Recorded data section start

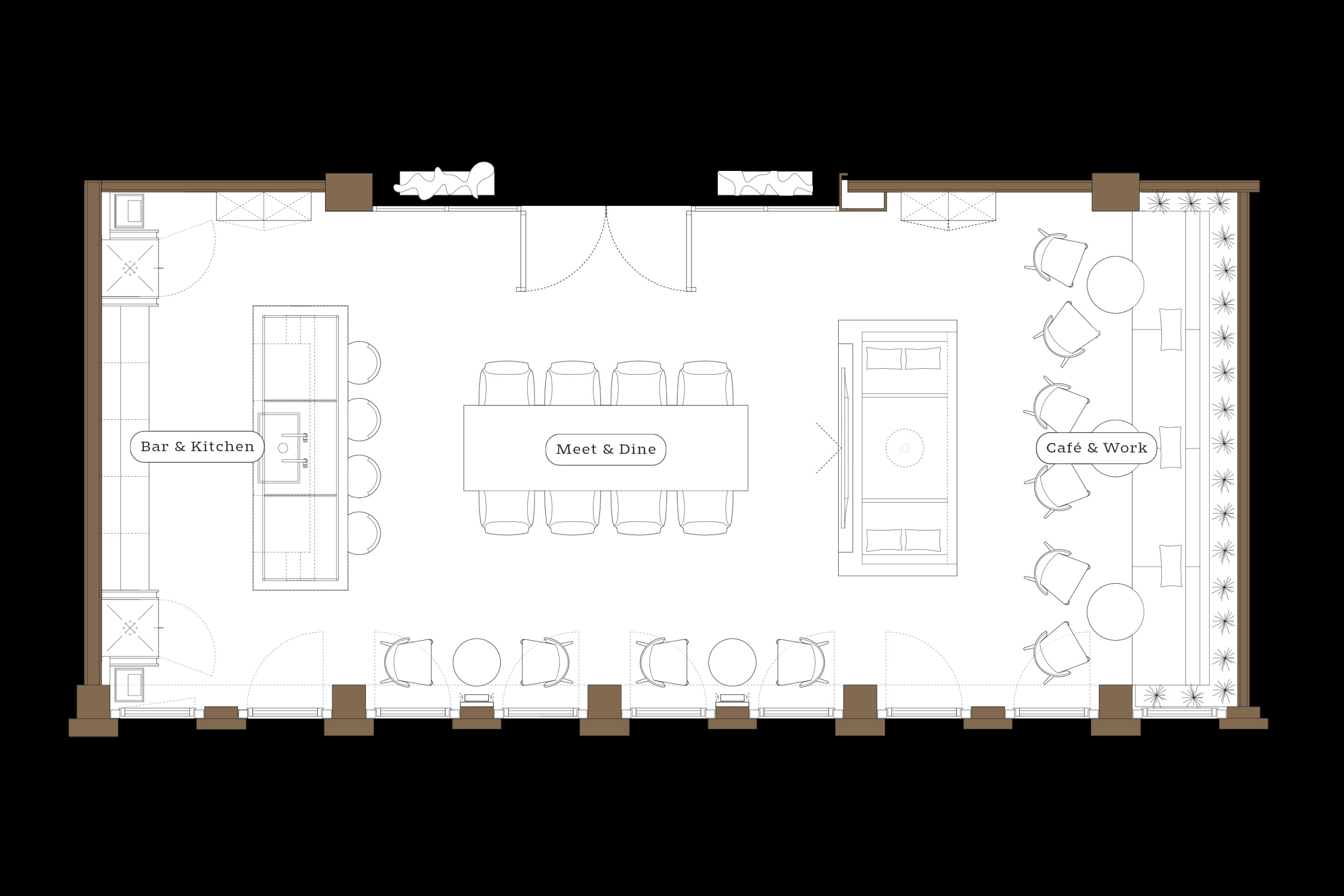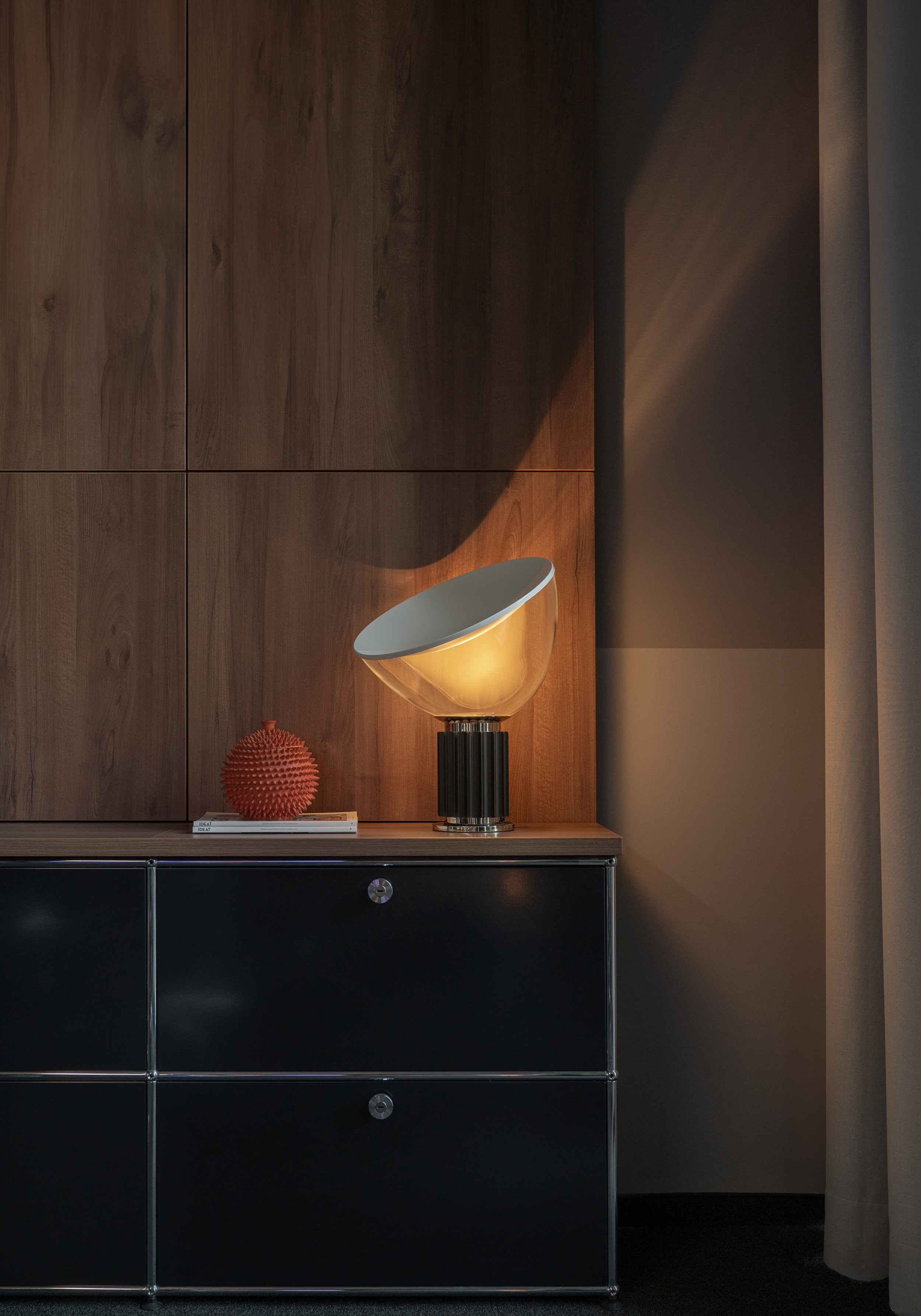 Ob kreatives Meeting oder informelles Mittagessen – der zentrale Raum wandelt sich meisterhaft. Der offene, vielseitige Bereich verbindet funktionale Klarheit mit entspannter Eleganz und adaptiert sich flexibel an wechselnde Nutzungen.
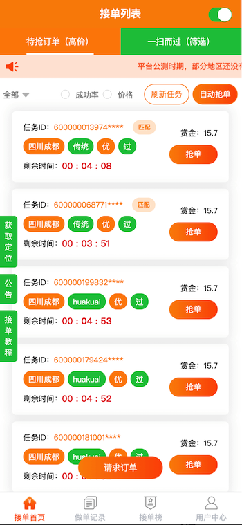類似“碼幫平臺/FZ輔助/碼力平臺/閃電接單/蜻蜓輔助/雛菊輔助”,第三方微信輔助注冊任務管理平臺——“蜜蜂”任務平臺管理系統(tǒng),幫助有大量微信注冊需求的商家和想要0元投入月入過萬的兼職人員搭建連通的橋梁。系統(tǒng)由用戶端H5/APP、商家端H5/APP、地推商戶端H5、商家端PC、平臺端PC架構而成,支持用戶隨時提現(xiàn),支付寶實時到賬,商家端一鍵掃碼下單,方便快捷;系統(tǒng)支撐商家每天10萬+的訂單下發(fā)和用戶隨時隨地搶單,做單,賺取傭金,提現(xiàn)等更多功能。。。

Recorded data section end
Recorded data section start

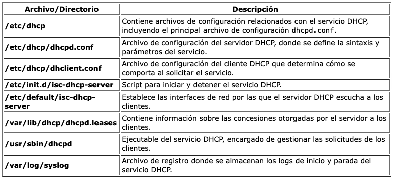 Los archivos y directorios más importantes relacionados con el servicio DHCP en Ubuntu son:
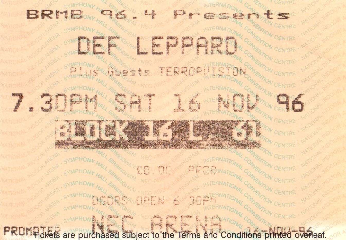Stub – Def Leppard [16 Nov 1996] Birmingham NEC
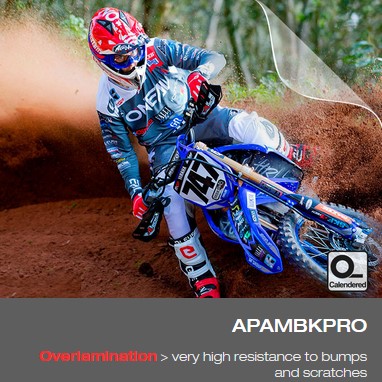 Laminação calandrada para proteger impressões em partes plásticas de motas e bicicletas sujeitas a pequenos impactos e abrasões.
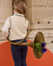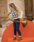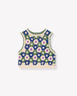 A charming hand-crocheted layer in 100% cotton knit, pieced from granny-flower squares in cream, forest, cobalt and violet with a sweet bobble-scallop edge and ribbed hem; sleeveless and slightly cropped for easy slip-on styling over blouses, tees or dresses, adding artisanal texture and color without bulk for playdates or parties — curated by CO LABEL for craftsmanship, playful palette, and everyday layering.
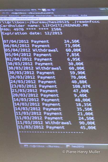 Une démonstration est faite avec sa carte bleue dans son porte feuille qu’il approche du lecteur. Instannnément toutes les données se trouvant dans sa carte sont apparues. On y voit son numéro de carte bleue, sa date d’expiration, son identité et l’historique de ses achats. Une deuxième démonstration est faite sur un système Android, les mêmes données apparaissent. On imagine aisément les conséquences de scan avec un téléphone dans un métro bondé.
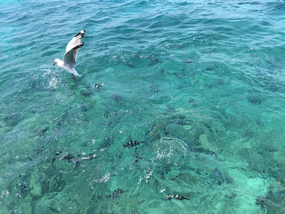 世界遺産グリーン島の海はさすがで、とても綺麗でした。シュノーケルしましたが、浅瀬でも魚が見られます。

Recorded data section end

## Exercise aim
Would you please repeat only the lines above, beginning at the one that has "Los archivos y" and stopping after the one that has "A charming hand-crocheted", exactly and with no pictures?

## Response
 Los archivos y directorios más importantes relacionados con el servicio DHCP en Ubuntu son:
Stub – Def Leppard [16 Nov 1996] Birmingham NEC
 Laminação calandrada para proteger impressões em partes plásticas de motas e bicicletas sujeitas a pequenos impactos e abrasões.
 A charming hand-crocheted layer in 100% cotton knit, pieced from granny-flower squares in cream, forest, cobalt and violet with a sweet bobble-scallop edge and ribbed hem; sleeveless and slightly cropped for easy slip-on styling over blouses, tees or dresses, adding artisanal texture and color without bulk for playdates or parties — curated by CO LABEL for craftsmanship, playful palette, and everyday layering.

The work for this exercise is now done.